Outrossim, também é válido ressaltar a importância do auxílio que Ong’s e instituições religiosas desempenham em favor dos moradores de ruas. Dessa forma, a ajuda em alimentação, roupas e dormitórios provisórios estendem a esperança para essas pessoas, como faz o grupo Anjos da Noite, fundado em 1989, em São Paulo. Entretanto, por mais que esses atos ajudem centenas de pessoas, ainda não são suficientes para acabar com essa triste realidade. Sob esse viés, enquanto o preconceito, a repreensão e a insignificância por parte do Governo e da sociedade existir, essa luta em prol dos moradores de rua estará longe de ser vencida.

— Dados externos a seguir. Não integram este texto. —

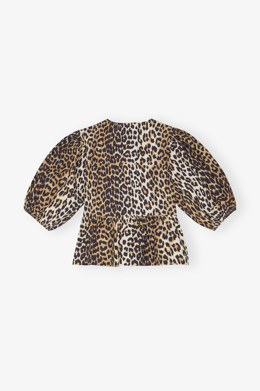 UitverkochtPRINTED COTTON POPLIN PEPLUM BLOUSE LEOPARD
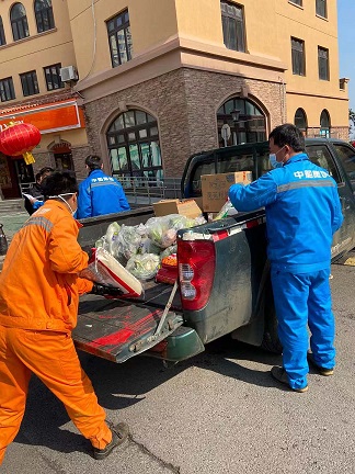 此外,長興家園社區也活躍著一批江南藍衣裝備的“超人”,耀眼的藍色工作服,加鮮艷的紅色志愿者馬甲,他們便是服務于社區的江南船廠志愿者。志愿者的工作瑣碎而辛苦,小區的每一個角落,幾乎都留下了他們奔波的足跡。他們戴著口罩,輾轉、搬運、爬樓,直至將物資送到居家觀察員工的家門口,并叮囑該員工在微信群內簽收反饋……他們每天都要步行4萬多步,肩扛手抬,將溫暖送到每個江南員工。志愿者們的工作已從2月10日一直持續到現在。
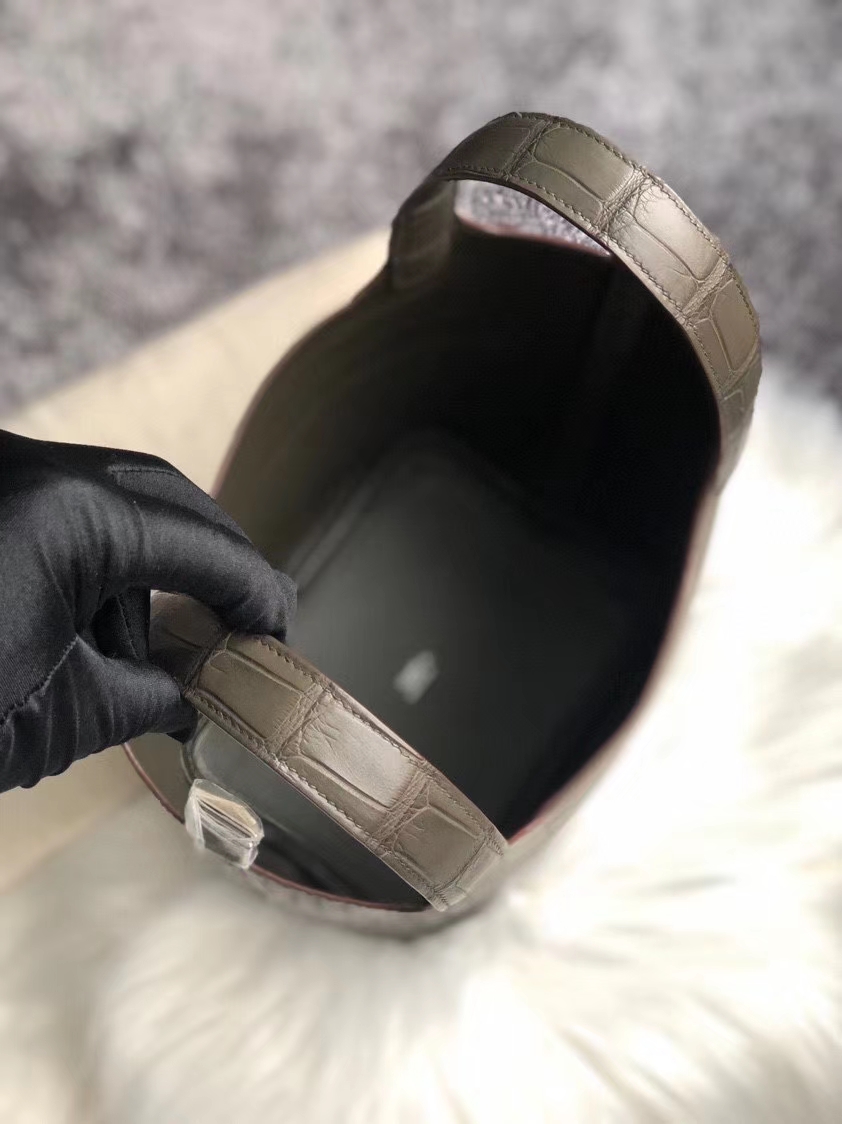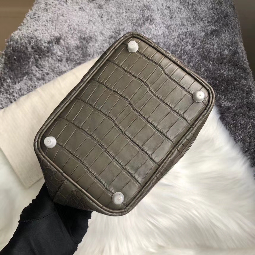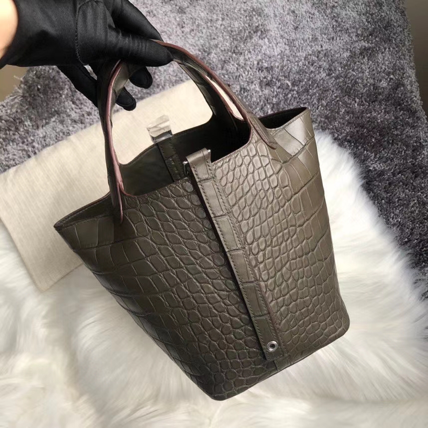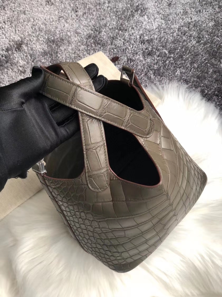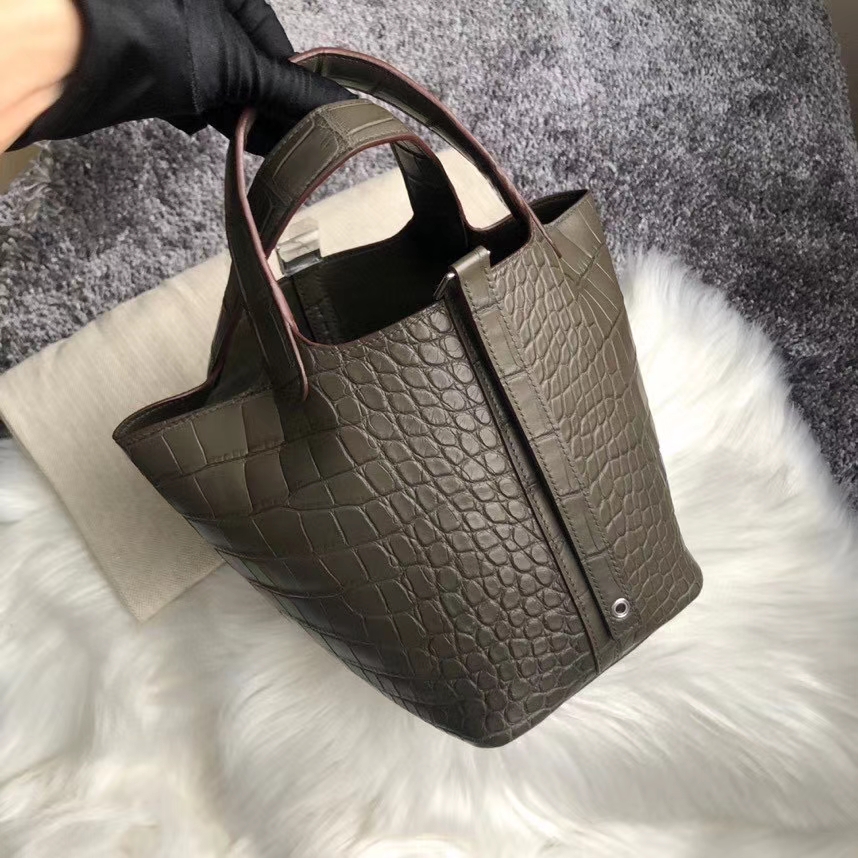 Hermès(爱马仕)Picotin 18cm Alligator matt 雾面鳄鱼 M1 新大象灰 银扣 顶级手缝 定制 2020年8月4日 0 【鳄鱼世家】www.Eyubao.com Picotin 18 Picotin 菜篮包 品牌:Hermès(爱马仕);类别:Picotin 菜篮包;颜色:新大象灰;材质:雾面鳄鱼;等级:顶级;附件:全套包装礼盒;尺寸:18cm;功能:手提单肩包
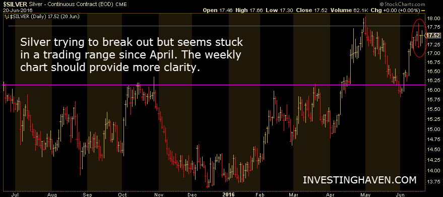 Silver has tested the breakout area but was unable to break through it. With a sharp intraday reversal on Thursday June 16th 2016, setting a lower high, there is nothing particularly bullish about this price at this point in time.

Infere – se, portanto, que medidas que amenizem a problemática atual precisam ser garantidas urgentemente. Para isso, cabe ao poder Legislativo conceder projetos de habitação exclusivos para moradores de rua, através da Câmara Federal, para que essas pessoas saiam das ruas e tenham casas. Além disso, o Governo Federal deve garantir o pleno acesso à saúde e trabalho para toda a população, através de investimentos nos postos de saúde, hospitais e na abertura de polos de indústrias, por meio de parcerias com empresas estrangeiras e brasileiras, para assim cumprir a Constituição e não gerar a necessidade de pessoas procurarem as ruas como abrigo. Por fim, é necessário ceder punições rígidas para pessoas que agridem de alguma forma os moradores de rua, por meio de leis, para dessa forma, voltar a população para a gravidade do problema. Apenas assim, será possível ter um país que não seja mais análogo à trama "O Cortiço".